> [EXERCISE DIRECTIONS] Beginning with the opening line of the entries, return every line through the one containing "Neelanjali Hampers offers", both included, and nothing else. Omit pictures.

***

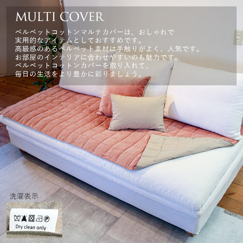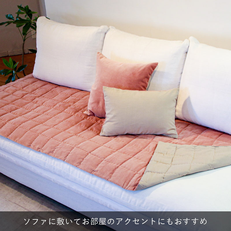 Sofa Throw マルチカバー コットンベルベット リバーシブル ローズピンク La deco
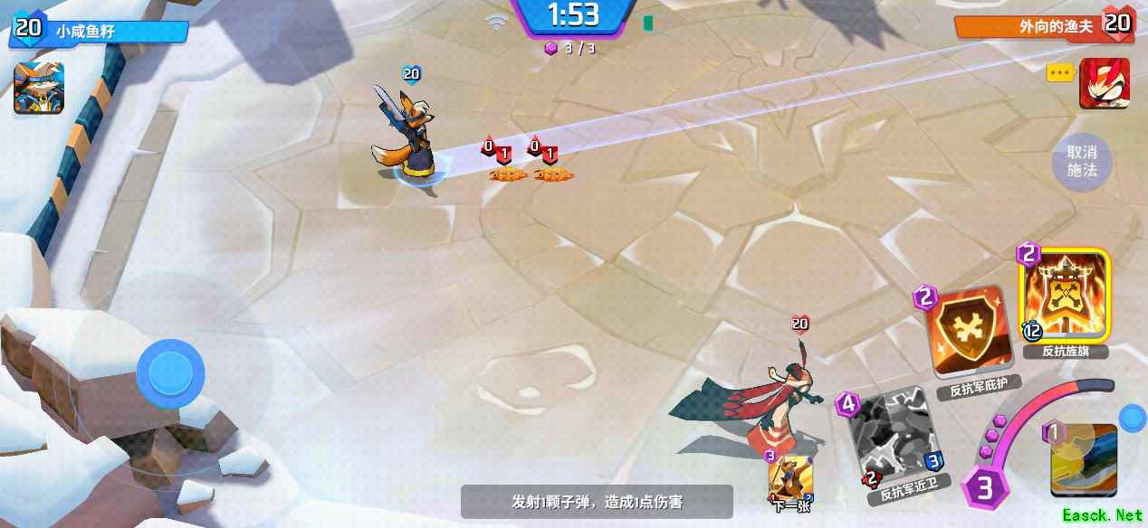 英雄技能“射击”是消耗一费的非指向性技能,发射一颗子弹命中后造成一点伤害,效果表现上等于是永久在手的1费1伤害火球术,可被预判弹道走位与障碍物阻挡。
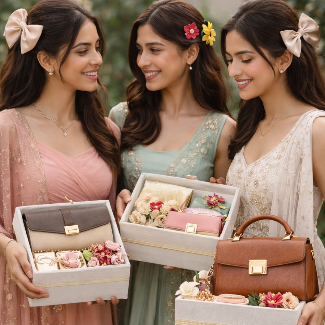 Neelanjali Hampers offers an exclusive range of curated gift hampers, stylish accessories, and ready-to-gift combinations designed for modern, thoughtful gifting. Our assortments include premium handbags, chic clutches, charming hair accessories, and coordinated gifting sets — selected for visual appeal, functionality, and fine craftsmanship.
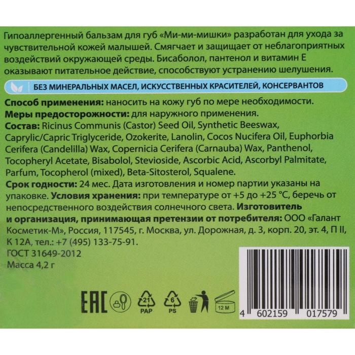 Описание: гипоаллергенный бальзам для губ ""Ми-ми-мишки"" разработан для ухода за чувствительной кожей малышей. Смягчает и защищает от неблагоприятных воздействий окружающей среды. Бисаболол, пантенол и витамин Е оказывают питательное действие, способствуют устранению шелушения.
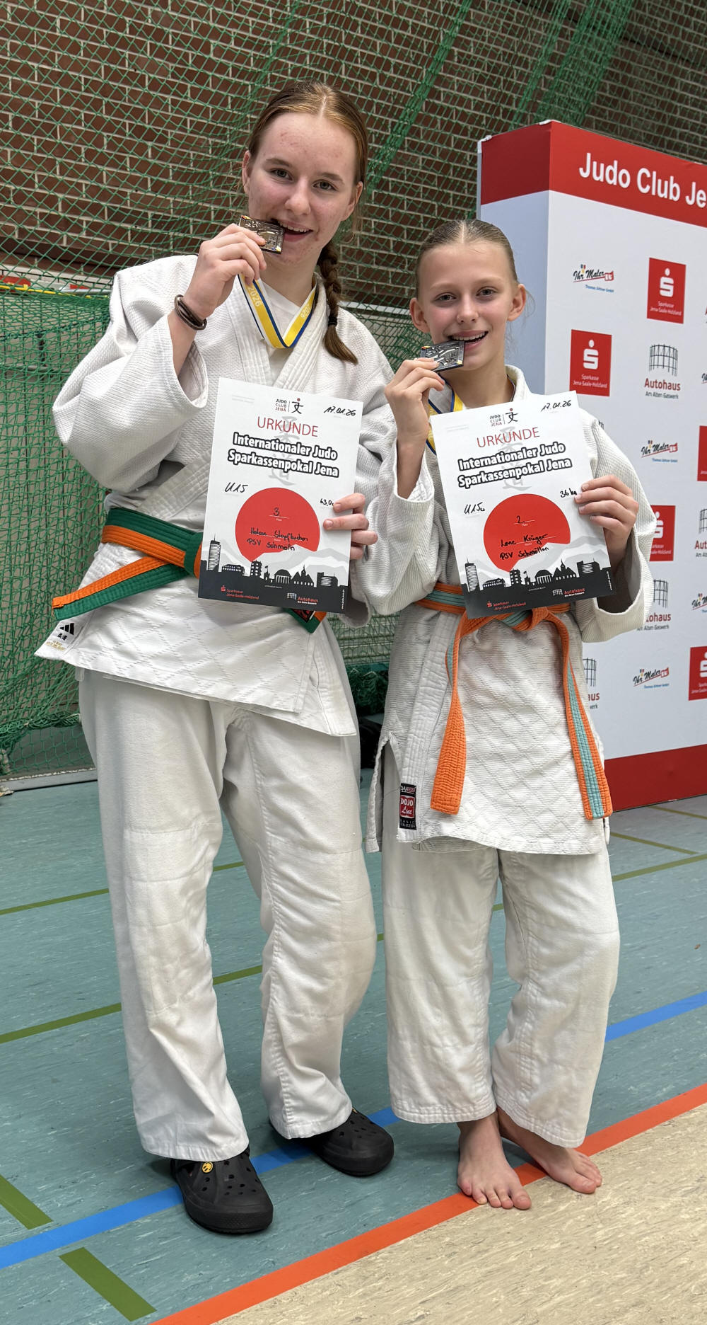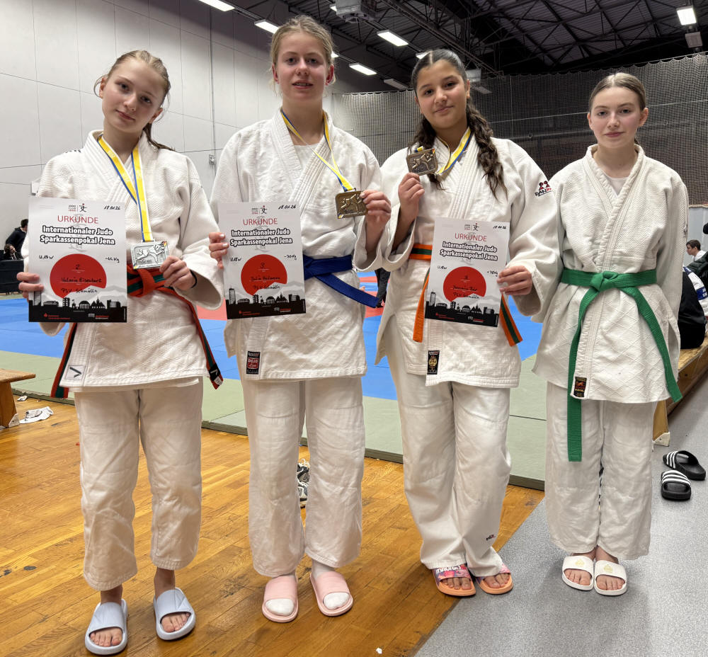 Mit 8 Sportlerinnen war der PSV Schmölln zum Jahresauftakt beim Internationalen Sparkassen-Cup in Jena vertreten. Mit über 800 Kämpfern und unter Beteiligung von Kämpfern aus Östereich war das Niveau sehr hoch. Am ersten Tag standen in der U15 Lene Krüger, Annika Sollner und Helene Stopfkuchen auf der Matte. Annika konnte leider verletzungsbedingt nicht punkten. Helene erreichte mit zwei Siegen und zwei Niederlagen Platz 3. Lene Krüger erkämpfte sich mit zwei Siegen und einer Niederlage Silber. Am zweiten Tag kämpfte in der Altersklasse U18 Valeria Eisenbart, Pauline Alsted, HaLinh Nygen, Julia Heilmann und Yassmin Bär. HaLinh und Pauline konnten an diesem Tag noch nicht überzeugen und blieben mit Platz 5 ohne Medaille. Valeria Eisenbart musste lediglich gegen die amtierende Deutsche Meisterin eine Niederlage einstecken und wurde Zweite. Mit zwei Dritten Plätzen durch Julia Heilmann und Yassmin Bär gelang der Einstand ins neue Wettkampfjahr
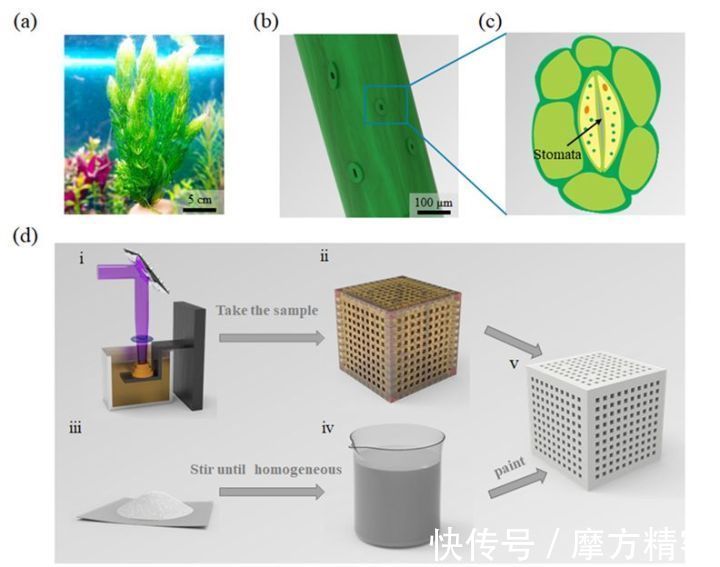 图1. 一种仿生功能开放细胞。(a)金鱼藻。(b)金鱼藻表面覆盖着独特的气孔。(c)金鱼藻表面单气孔示意图。(d)利用PμSL 3D打印技术制备仿生开孔细胞。
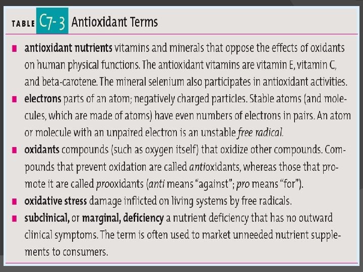 Marginal Deficiencies, Oxidative Stress, and Chronic Diseases Antioxidant nutrients help to quench free radicals, rendering them harmless to cellular structures. Population (epidemiological) studies support theory that people with high intakes of fruits and vegetables that supply the antioxidant nutrients enjoy better health than people with lower intakes.
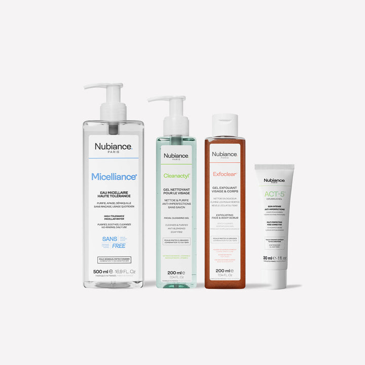 Notre Routine Anti-Imperfections est idéal pour les peaux sensibles à tendance mixte, grasse ou acnéique. Elle se compose de 4 produits essentiels pour démaquiller, nettoyer, exfolier et corriger les imperfections, révélant ainsi un teint net et apaisé.
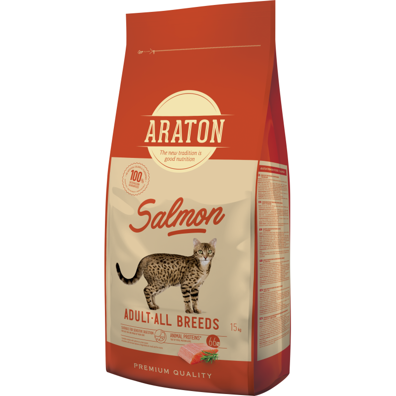 Hrana uscata pentru pisici, cu somon, 15 kg, Araton Adult
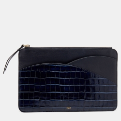 Chloe Navy Blue Croc Embossed Leather iPad Pouch
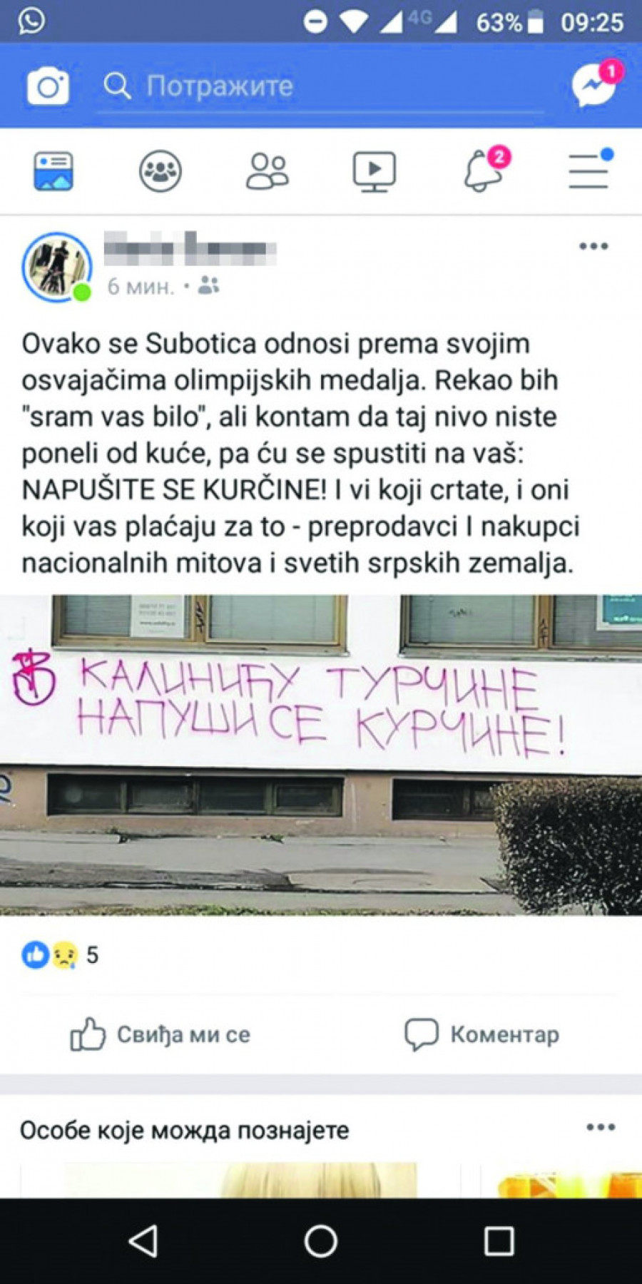 Foto: instagram.com/nikola_kalinaNeki su čak otišli korak dalje, pa su na najgrublji način izvređali srpskog reprezentativca. Naime, u Nikolinoj rodnoj Subotici osvanuo je grafit na kojem piše: "Nikola Turčine, napuši se ku*čine". Sramno! Čini se da je autor ovog skandaloznog grafita vrlo brzo zaboravio sve medalje i radosti koje je Nikola doneo ovoj zemlji.
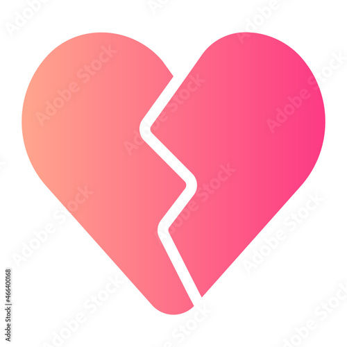 broken heart, romantic, love, heartache, shape, sad, icon, gradient, flat, graphic, illustration
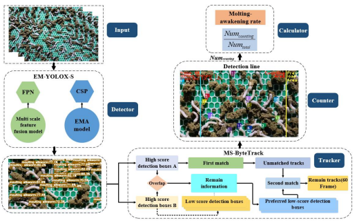 针对以上问题,团队提出了一种基于眠三角跟踪检测的小蚕眠起状态监测新方法。该方法基于优化的目标检测器实现小蚕眠三角目标的检测,在ByteTrack的基础上提出了重合检测框匹配法,解决了小蚕头部交错以及饲料遮挡导致检测框频繁切换的问题。同时,创新提出一种“检测线 ”法来解决由于小蚕活动而导致的重复计数问题,最终实现了小蚕眠起率的准确获取。使用该方法得到的眠起率趋势也与真实趋势保持高度一致。
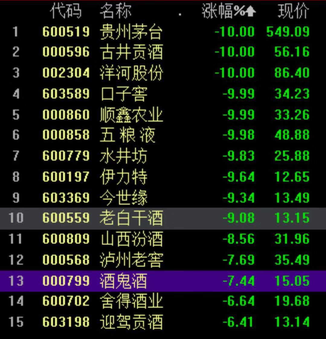 在贵州茅台带动下,白酒股全线大跌,口子窖、顺鑫农业、五粮液、洋河股份纷纷跌停,古井贡酒、水井坊、老白干酒大跌9%。
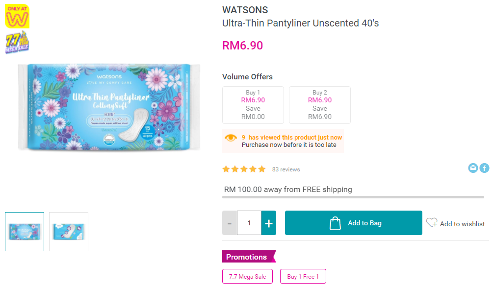 - WATSONS Ultra-Thin Pantyliner Floral Scented 40’s 购买【点击这里】
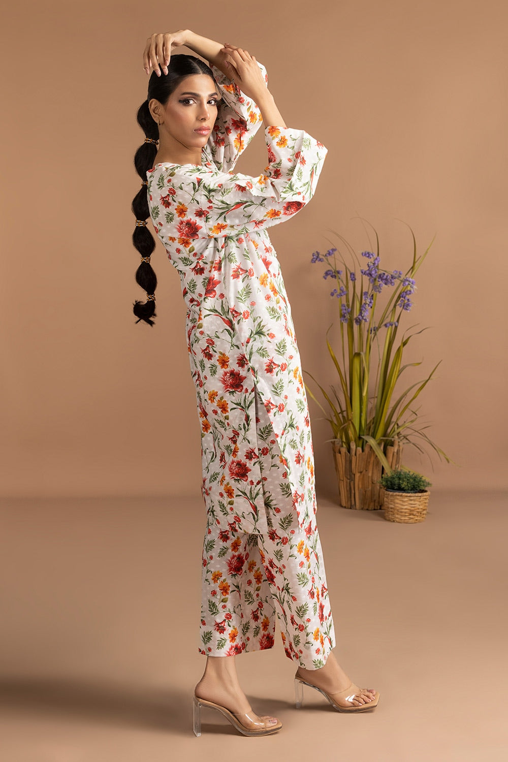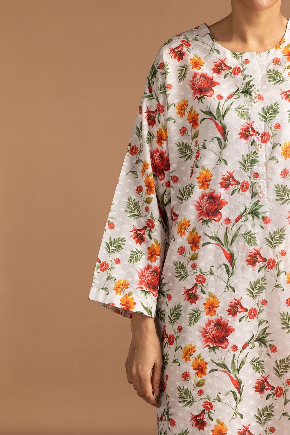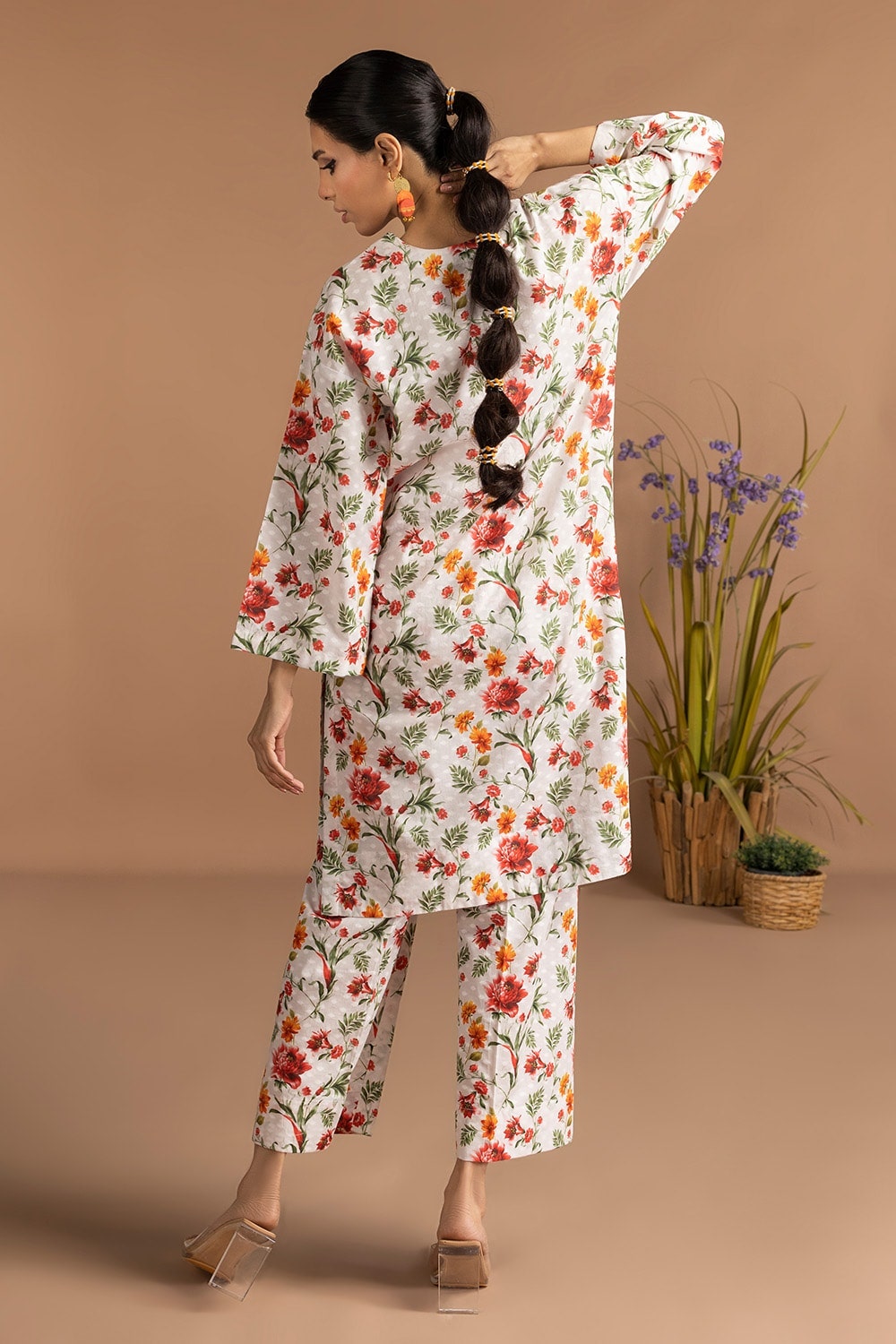Ready to wear Brighten your wardrobe with this charming 2PC floral suit. The white kurta is adorned with vibrant red and orange floral prints, paired with matching trousers for a cohesive and stylish look.

***

> [RESPONSE BOX]
 Sofa Throw マルチカバー コットンベルベット リバーシブル ローズピンク La deco
 英雄技能“射击”是消耗一费的非指向性技能,发射一颗子弹命中后造成一点伤害,效果表现上等于是永久在手的1费1伤害火球术,可被预判弹道走位与障碍物阻挡。
 Neelanjali Hampers offers an exclusive range of curated gift hampers, stylish accessories, and ready-to-gift combinations designed for modern, thoughtful gifting. Our assortments include premium handbags, chic clutches, charming hair accessories, and coordinated gifting sets — selected for visual appeal, functionality, and fine craftsmanship.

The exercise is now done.